ISTANBUL: Turkey’s trade deficit narrowed more than expected in June mainly due to gold exports to Iran, a dip in oil prices and a slowdown in the economy, data showed Tuesday, indicating an improvement in the country’s troublesome current account gap.
The trade deficit fell to $7.18 billion in June from $10.26 billion a year earlier, the Turkish Statistics Institute said, lower than a forecast deficit of $8 billion in a Reuters poll.
Gold exports to Iran stood at $1.3 billion in June, bringing the total gold exports so far in 2012 to $4.4 billion.
The Turkish Statistics Institute said there were no findings suggesting gold exports to Iran were used as a tool for oil and gas payments, rejecting media speculation to that effect.
Most of the gold export payments were made in cash, it said.
Turkey, which imported around 200,000 barrels a day of Iranian crude in 2011, sharply reduced shipments earlier this year to win a waiver from U.S. sanctions that allows it to continue purchasing Iranian crude through the second half of 2012. Turkey also imports gas from Iran.
“Improvement in the foreign trade deficit continued in June thanks to gold exports to Iran, declining petroleum price and a slowdown in the economy,” said Ozgur Altug, chief economist at BGC Partners.
Previously, gold sector officials said Iranians were turning to gold for savings and possibly trade as Western sanctions tighten to force Iran to curb its nuclear program.
Iran was the biggest single destination for Turkish exports in June. Turkish exports to Iran increased 471.2 percent to $1.6 billion from a year earlier.
Turkey’s total June exports rose 16.9 percent to $13.27 billion and imports decreased 5.4 percent to $20.44 billion.
“When we look at the data excluding gold, we see that the annual increase in exports stands at 4 percent while the annual decline in imports rises to 10 percent,” said Gizem Oztok Altinsac, an economist at Garanti Securities.
“The data shows a small current account deficit in June at around $3.7 billion and the annual current account deficit would narrow to $63-64 billion,” Altinsac said.
Turkey’s trade deficit in the first half of the year narrowed 21 percent to $42.79 billion.

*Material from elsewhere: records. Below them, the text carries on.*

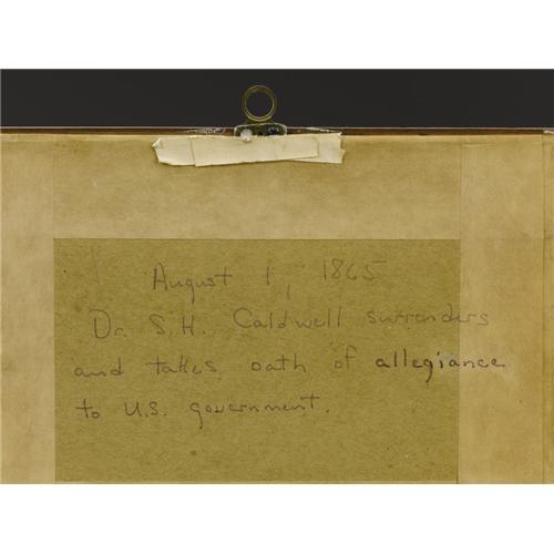 <B>Confederate Surgeon Samuel Houston Caldwell's Oath of Allegiance to the United States</B></I> at the Close of the War. Caldwell served with General Nathan Bedford Forrest's command until the end of the Civil War. He made his way to Mississippi on his return to his native Paris, Tennessee and met with Colonel William E. Travis, formerly of the 5th Tennessee Infantry. Before returning to Tennessee he signed this oath of allegiance to the United States in Mississippi. Numbered 592, this pre-printed document is on lined blue paper and specifically mentions the emancipation of slaves. Caldwell took his slave, Joe Caldwell, with him and his family were significant slaveholders in Tennessee. The document is in excellent condition with a slight tear at the top.<BR><BR><b>Shipping:</b> Miscellaneous Collectibles, Smal (<a target="_blank" href="http://www.heritageauctions.com/common/shipping.php">view shipping information</a>)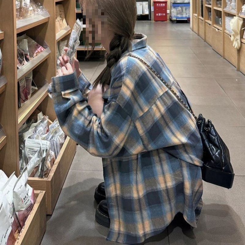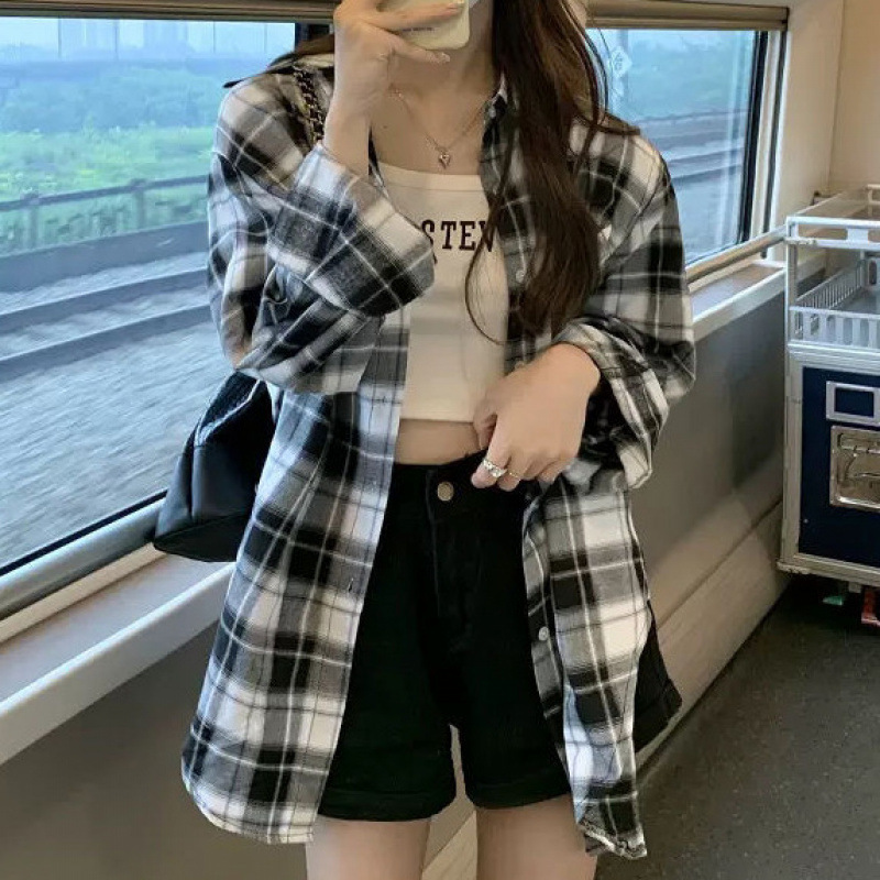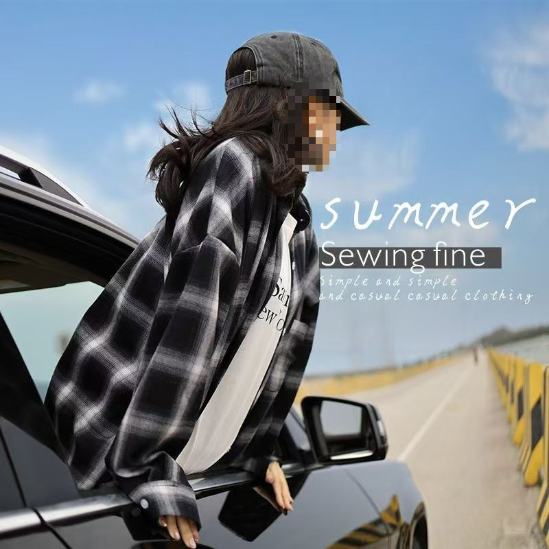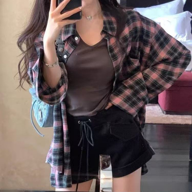 美式复古长袖格子衬衫外套女早秋新款宽松防晒衣外套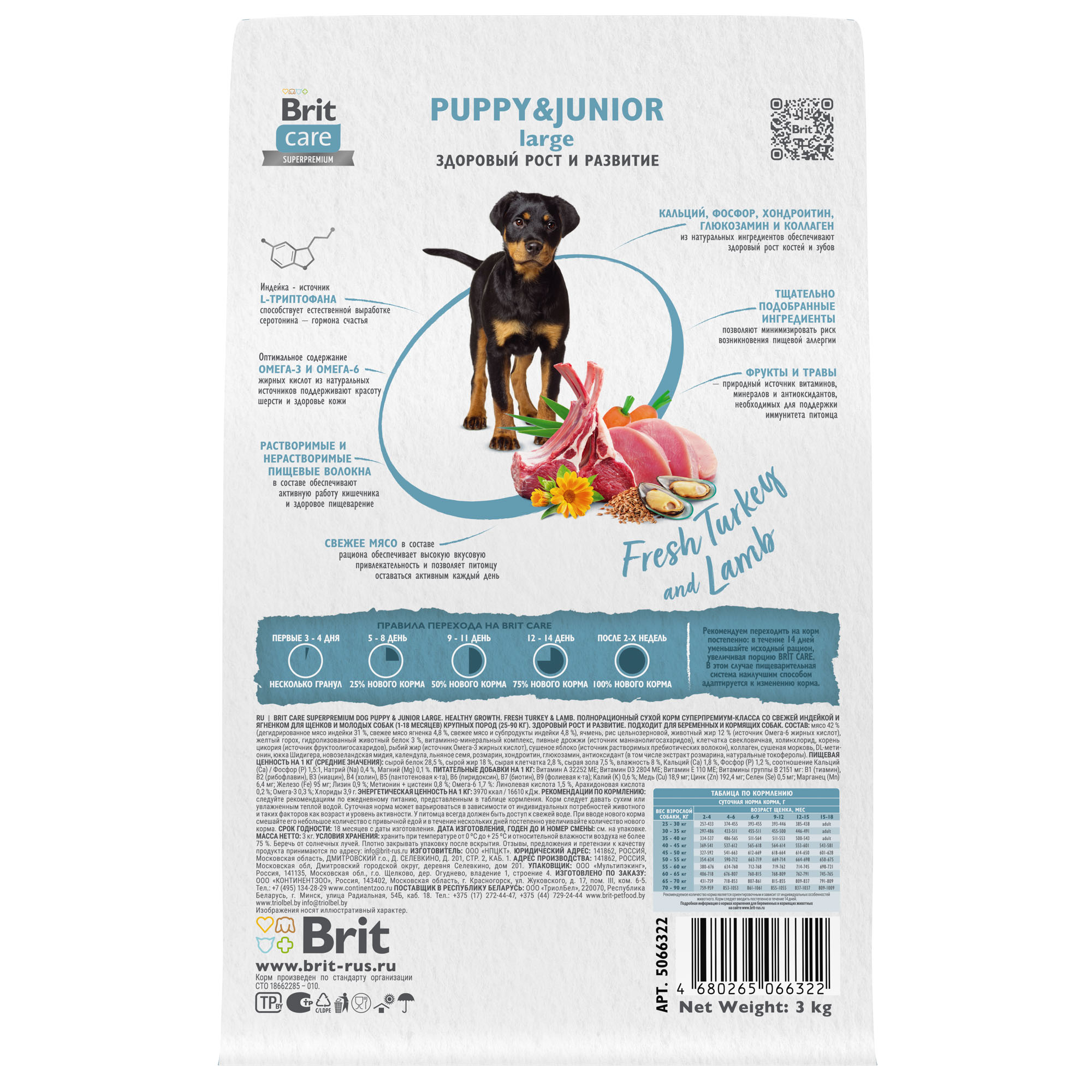 BRIT CARE, Сухой корм с инд и ягн д/щенк.кр.пор."Dog Puppy&Junior L Healthy Growth", 3 кг, 5066322

Turkey’s current account deficit, a major weak point in the economy, stood at $27.05 billion in the first five months of the year, 27 percent lower than the same period a year ago.
To fight against a widening external deficit and inflation, the central bank has since late 2010 used a complex policy mix of daily liquidity injections, high reserve-requirement ratios and adjustments in its overnight borrowing and lending rates – the interest rate “corridor.”
The share in total exports of Turkey’s main trade partner, the European Union, dropped to 37.1 percent in June from 48.2 percent a year earlier.